> [GOAL OF THE EXERCISE] I need the lines below from the one with "Scatter plot showing" down to the one with "실시간 비타500에 밥 말아먹게 생긴 카리나팬들" reproduced exactly, both ends included, and nothing else.

> [RECORDS]
== Segment start ==

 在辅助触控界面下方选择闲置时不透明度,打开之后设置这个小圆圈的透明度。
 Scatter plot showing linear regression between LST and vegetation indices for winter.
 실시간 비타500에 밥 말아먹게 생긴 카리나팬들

== Segment end ==
== Segment start ==

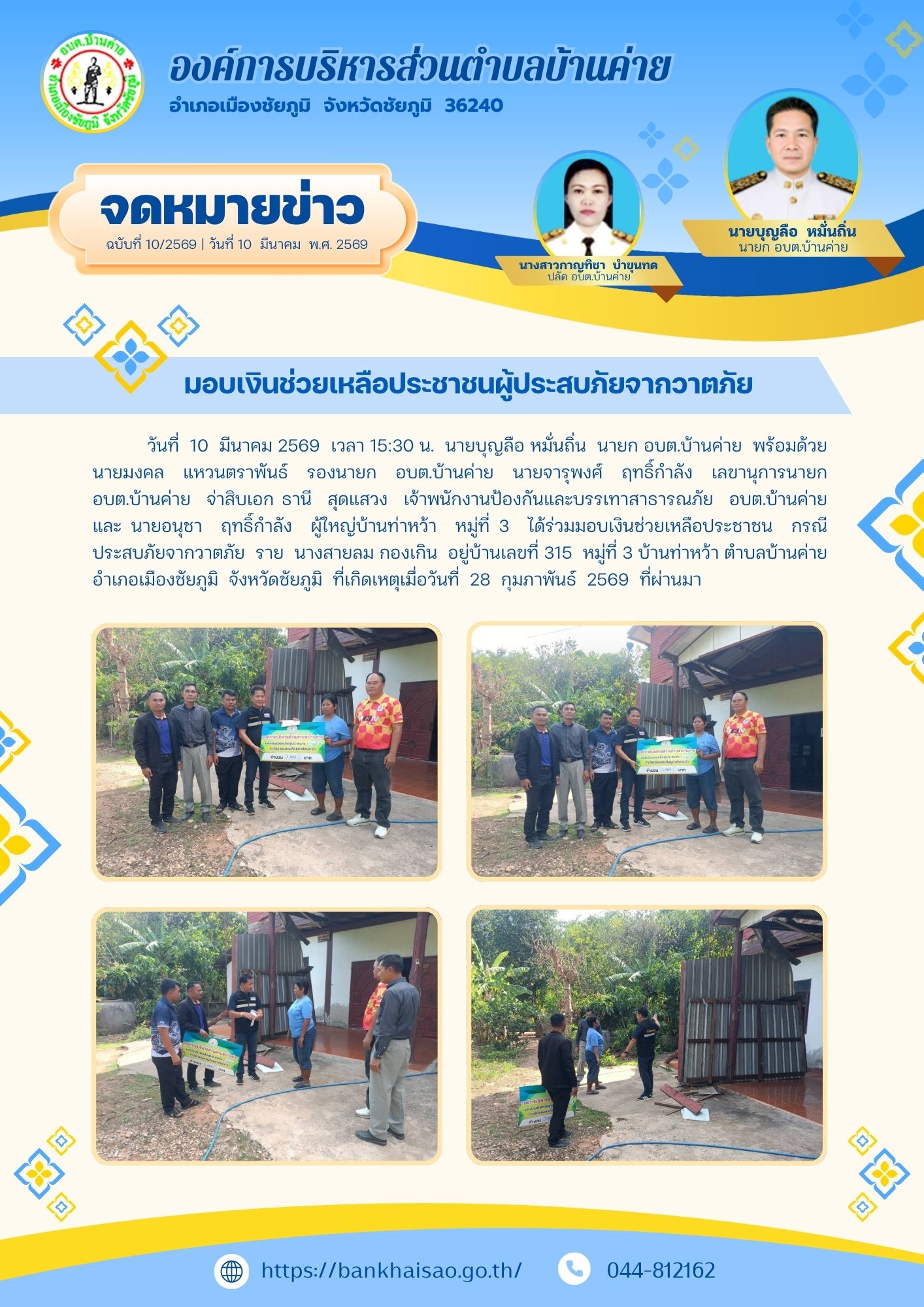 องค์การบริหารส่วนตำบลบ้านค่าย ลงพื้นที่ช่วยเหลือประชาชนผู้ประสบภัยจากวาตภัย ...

== Segment end ==

> [SOLUTION TO THIS EXERCISE]
 Scatter plot showing linear regression between LST and vegetation indices for winter.
 실시간 비타500에 밥 말아먹게 생긴 카리나팬들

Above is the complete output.